Work item
Quote all of the data exactly as given. Skip every picture it contains.

Start of Recorded data

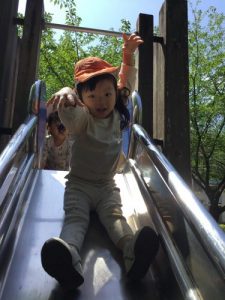 「さくら公園ってどこ?」って言いながら歩いていたのですが、公園についた瞬間、大きな滑り台に大興奮でした
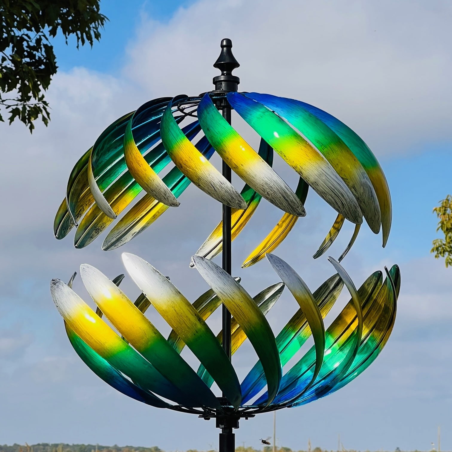 Cree un hermoso jardín lleno de color gracias a nuestro molino de viento decorativo para jardín modelo Villandry, este molino de viento decorativo para jardín se integrará a la perfección en su parque o en un macizo de flores y aportará color incluso durante los largos meses de invierno. Esta escultura cinética está compuesta por dos semicírculos que giran en sentidos opuestos creando un magnífico efecto óptico. El robusto mástil cuenta con tres garras para anclarlo 24 cm en el suelo, lo que le permite soportar las ráfagas de viento más fuertes.
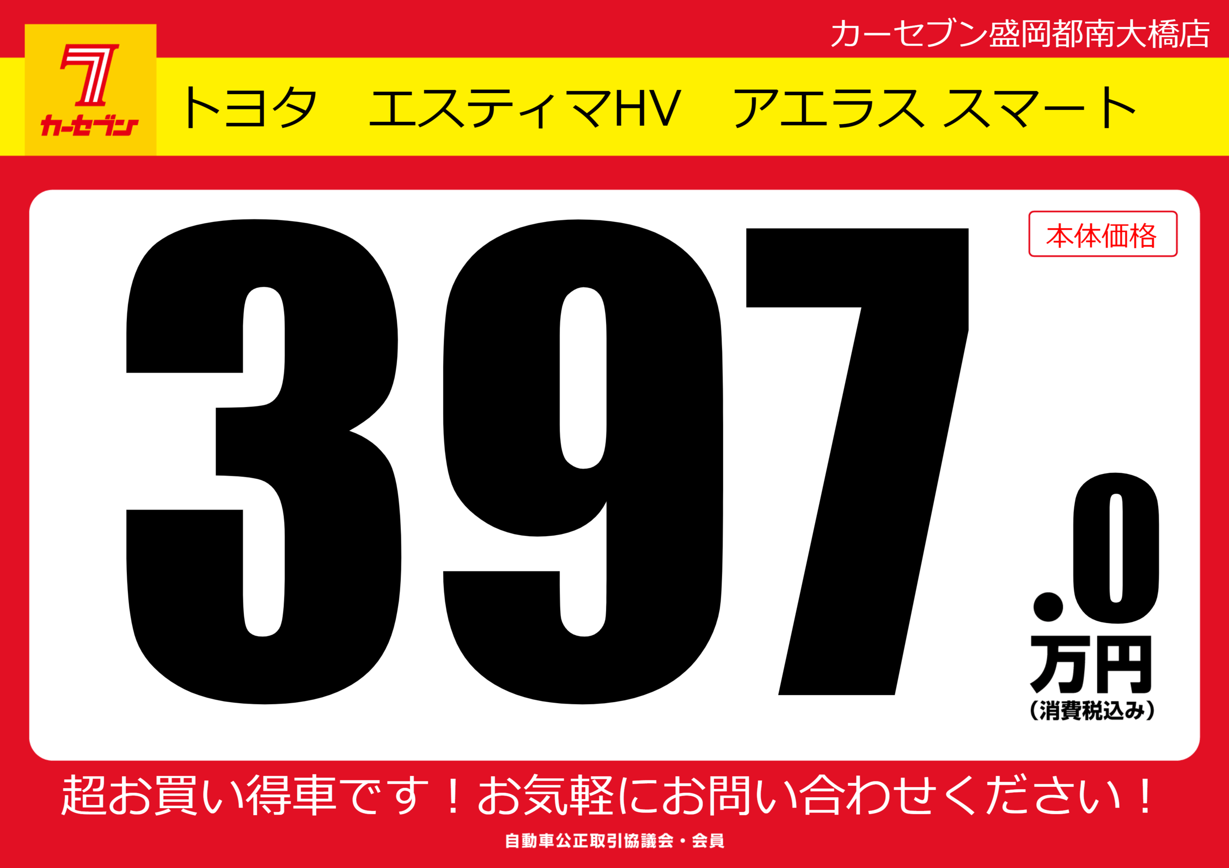 | 車名 | トヨタ エスティマHV アエラス スマート | グレード ミッション 排気量 |

End of Recorded data

Solution to the exercise
 「さくら公園ってどこ?」って言いながら歩いていたのですが、公園についた瞬間、大きな滑り台に大興奮でした
 Cree un hermoso jardín lleno de color gracias a nuestro molino de viento decorativo para jardín modelo Villandry, este molino de viento decorativo para jardín se integrará a la perfección en su parque o en un macizo de flores y aportará color incluso durante los largos meses de invierno. Esta escultura cinética está compuesta por dos semicírculos que giran en sentidos opuestos creando un magnífico efecto óptico. El robusto mástil cuenta con tres garras para anclarlo 24 cm en el suelo, lo que le permite soportar las ráfagas de viento más fuertes.
 | 車名 | トヨタ エスティマHV アエラス スマート | グレード ミッション 排気量 |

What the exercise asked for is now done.